Uisce Beatha, literally
It’s good to have friends that know you.
Friends that don’t humour you by agreeing to come to your boring hotel pool and jacuzzi but instead go ahead and plan an open water swim in the WhatsApp group despite the howling winds and lashing rain.
Friends that know, before you know, that you’ll never turn down the chance of a sea swim because ‘you never regret it once you’re in’ and it’s exactly what you need.
Friends that smirk when your car pulls up just in time and tell you there’s a flask of black coffee for after even though they usually take milk which you can’t stand.

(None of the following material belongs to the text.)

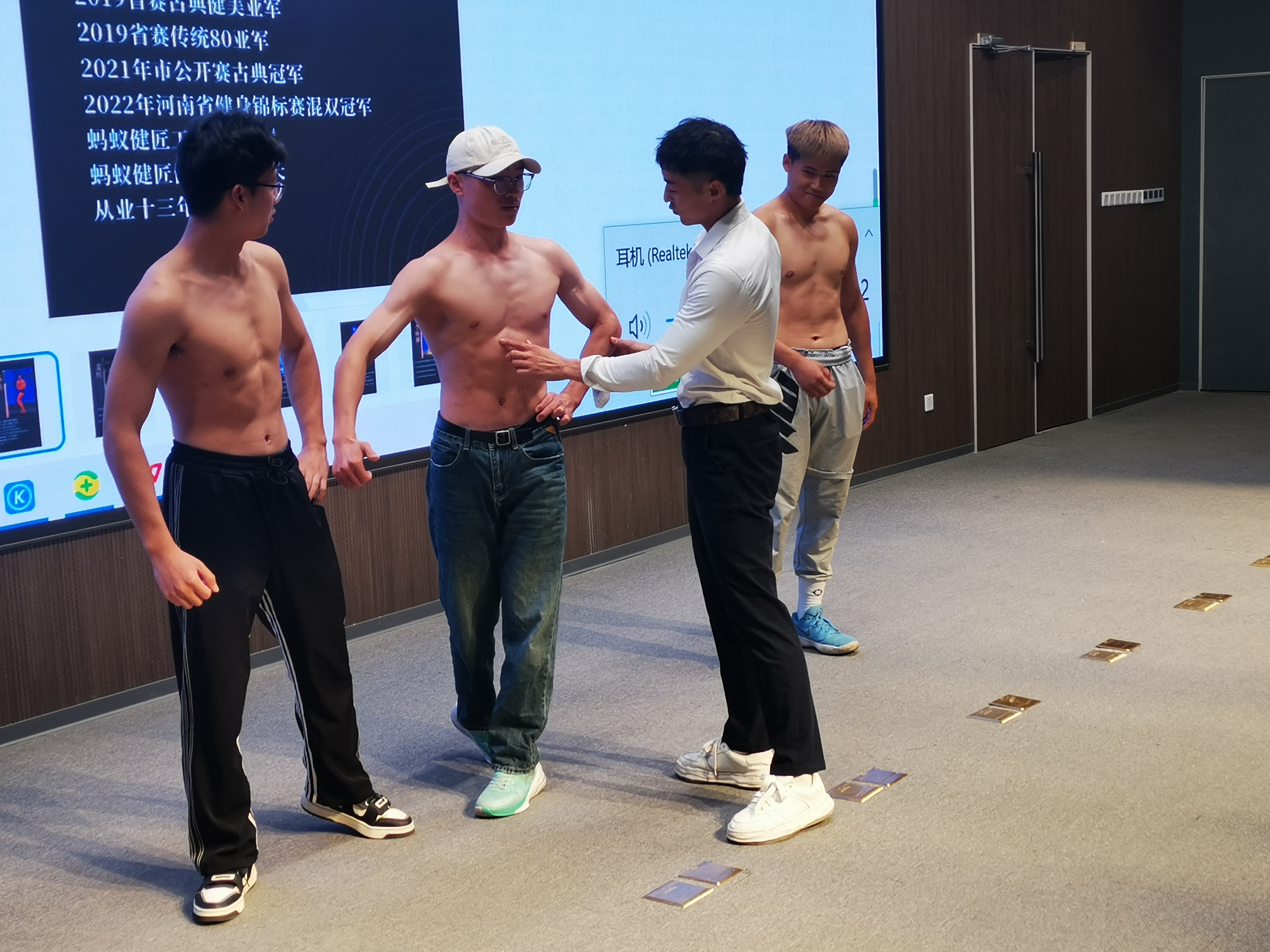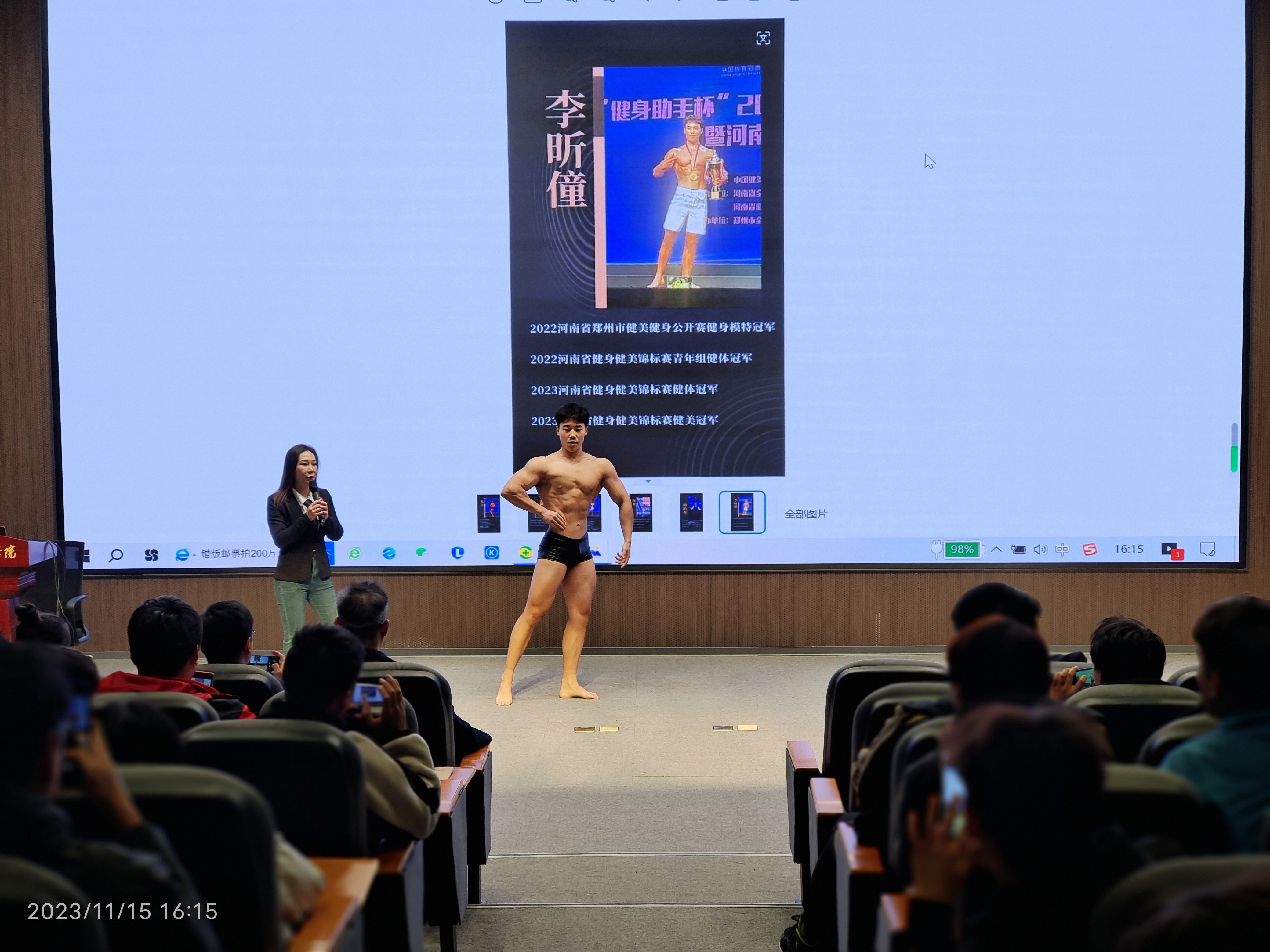 报告结束后,健美运动员分别进行了男子健美、健体、女子健身模特展示,健美的身材、优雅的气质,引起同学们啧啧赞叹,也让同学们得到力与美的享受。活动期间,健美运动员还对我们健美健身校队队员健美训练和比赛进行了现场指导和动作示范。

We all stand in the dune sizing up the huge waves and the violent white horses and say ‘sure we’re wet already in the rain’.
The lifeguard battles the elements to forbid us to swim until she recognises us and says ‘Oh you lot, g’wan’.
And we’re off.
It’s so rough we have to choose our point of entry carefully so we’re not thrown up on the rocks.
Knee deep and it’s do or die, choosing between being knocked back or pulled in.
J is off and I follow, C still on the shore waiting for a lull and she’s under.
We exchange panicked looks until her coloured hat reappears and we three are bobbing and screaming and there’s no other place we’d rather be.
We’re being pulled, we’ve risked enough, it’s time to go back.
I’m nearly in and a 10 footer catches me in its surf and slam dunks me to the sea floor like a wet sponge.
There is no room for grief, only survival.
Then the sea is done with me, spits me out and throws me to land.
Perhaps the best way to remember our dead is to feel truly alive.
——
Daddy, R.I.P. 25/08/17
For my non-Irish speaking readers, ‘uisce beatha’ is Irish for whiskey but actually means water of life.
Absolutely spot on beautiful powerful stuff of life left me feeling half alive INSPIRATIONAL ! Thank you for this lots of love and more swims from debbie xxxx
I have no words, because you used all the right ones.